Jaimie Bleck Wins Award for Best Dissertation in African Politics

Author: Elizabeth Rankin

Jaimie Bleck

University of Notre Dame political scientist Jaimie Bleck has won the 2011 Lynne Rienner Award for Best Dissertation in African Politics from the American Political Science Association’s Africa Politics Conference Group (APCG).

Bleck’s award-winning work, “Schooling Citizens: Education, Citizenship, and Democracy in Mali,” explores the political effect of education in the West African country.

According to the selection committee, the dissertation is “informed by a deep knowledge of contemporary Mali, methodologically sound, and makes a significant contribution to our understanding of the links between education, state service provision, and democracy.”

Bleck, Ford Family Assistant Professor of Political Science in the College of Arts and Letters and a faculty fellow in the University’s Kellogg Institute for International Studies, says she is currently expanding the work into a book manuscript.

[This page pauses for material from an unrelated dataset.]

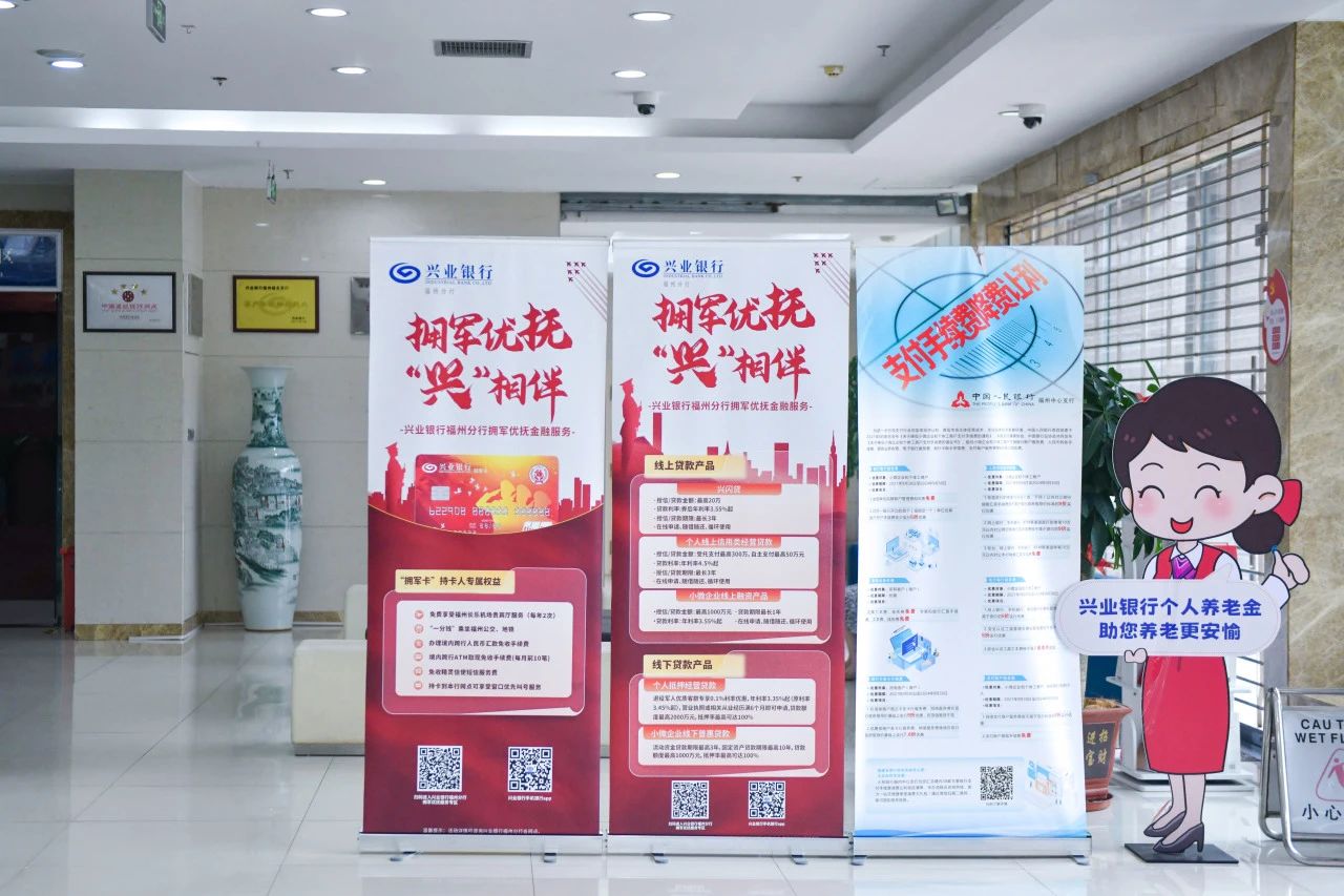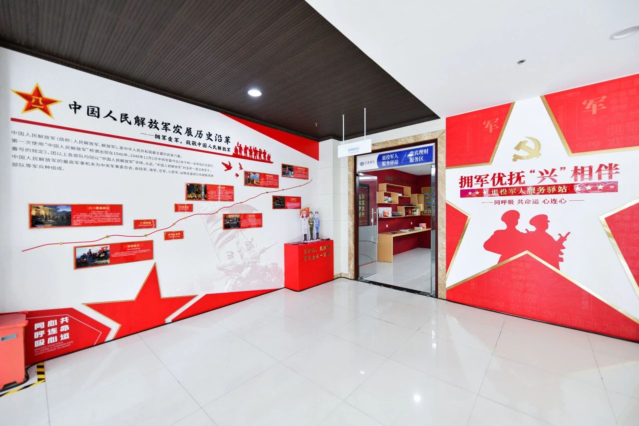 退役军人服务驿站内设有红色文化长廊、新时代双拥工作展示墙、退役军人金融服务展示区、退役军人休息区等活动区域,为退役军人群体提供日常交流、党建共建的场所。兴业银行福州分行还为退役军人群体提供“一揽子”金融服务:线上搭建退役军人个人消费贷款、退役军人个人经营贷款等专属融资绿色通道;线下可通过办理退役军人专属借记卡“拥军卡”,享受“军人/退役军人优先”绿色通道、免收卡工本费和跨行转账手续费等其他专属权益。
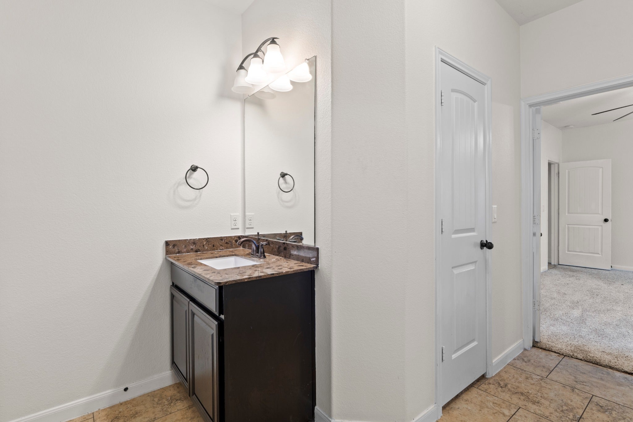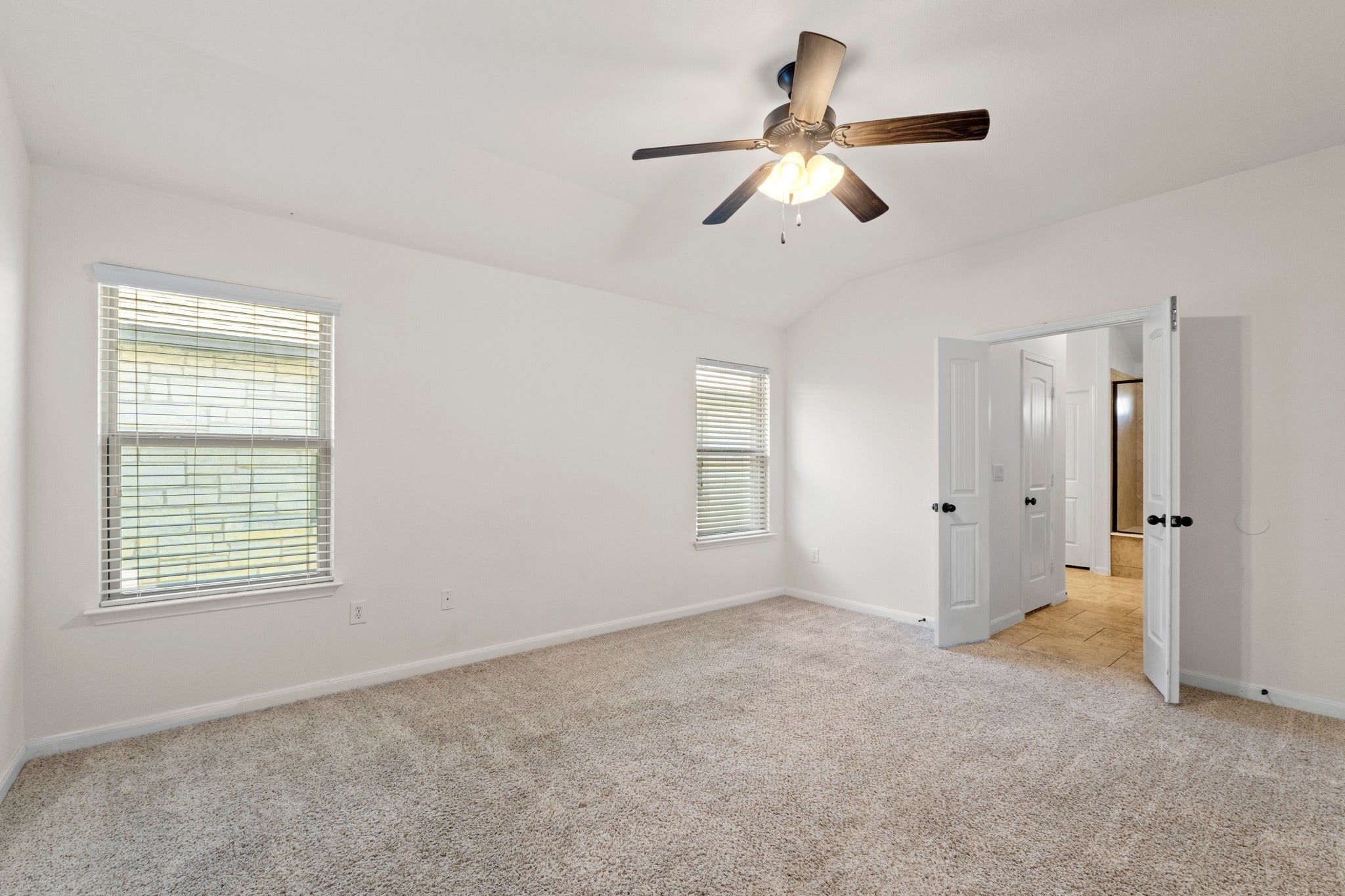 Spring is the perfect time to settle into this beautifully designed three bedroom, two bathroom home in Leander. With bright interiors, spacious living areas, and access to great community amenities, this home offers comfort, style, and a welcoming place to enjoy the season. As you arrive, you are greeted by a charming brick exterior, a covered entry, and a two car garage that create great curb appeal. Inside, the home opens into a spacious foyer that leads into a large open living area filled with natural light. The living room features high ceilings, recessed lighting, a ceiling fan, and a modern accent wall that adds character while keeping the space bright and inviting. The kitchen is designed for both everyday living and entertaining with rich dark cabinetry, granite countertops, stainless steel appliances, a gas range, and a large island with a sink and bar seating. Pendant lighting above the island adds a stylish touch while the open layout keeps the kitchen connected to the dining and living areas. A built in desk area nearby provides a convenient space for a home office, study nook, or household organization. The primary bedroom is generously sized with large windows and soft carpeting that create a relaxing retreat. The ensuite bathroom offers dual vanities with granite counters, a large tiled walk in shower with glass doors, and a spacious walk in closet with built in shelving. Step outside to a covered back patio overlooking a private fenced yard, perfect for enjoying spring mornings or relaxing evenings outdoors. Residents also enjoy access to a sparkling community pool and playground, making it easy to enjoy warm Texas days close to home.

“I am analyzing how different educational experiences—public/private and secular/Islamic—affect citizenship in Mali in the context of expanded access to schooling,” she explains.

She draws on data from a year of fieldwork, including 1,000 surveys, exit polls during municipal elections, politicians’ educational profiles, government schooling data, and interviews with Malian educators and government officials as well as 200 university students.

Bleck joined Notre Dame’s Department of Political Science in fall 2011. She received her Ph.D. from Cornell University, where her dissertation committee included Nicolas van de Walle (chair), Valerie Bunce, Kenneth Roberts, and Devra Coren Moehler.

Bleck has served as a consultant for the World Bank, Freedom House, and Care International. Prior to graduate school, she spent three years working in Central and Southern Africa with Winrock International on the Africa Education Initiative Ambassadors Girls Scholarship Program, which provides scholarships to 20,000 girls in 15 African countries each year.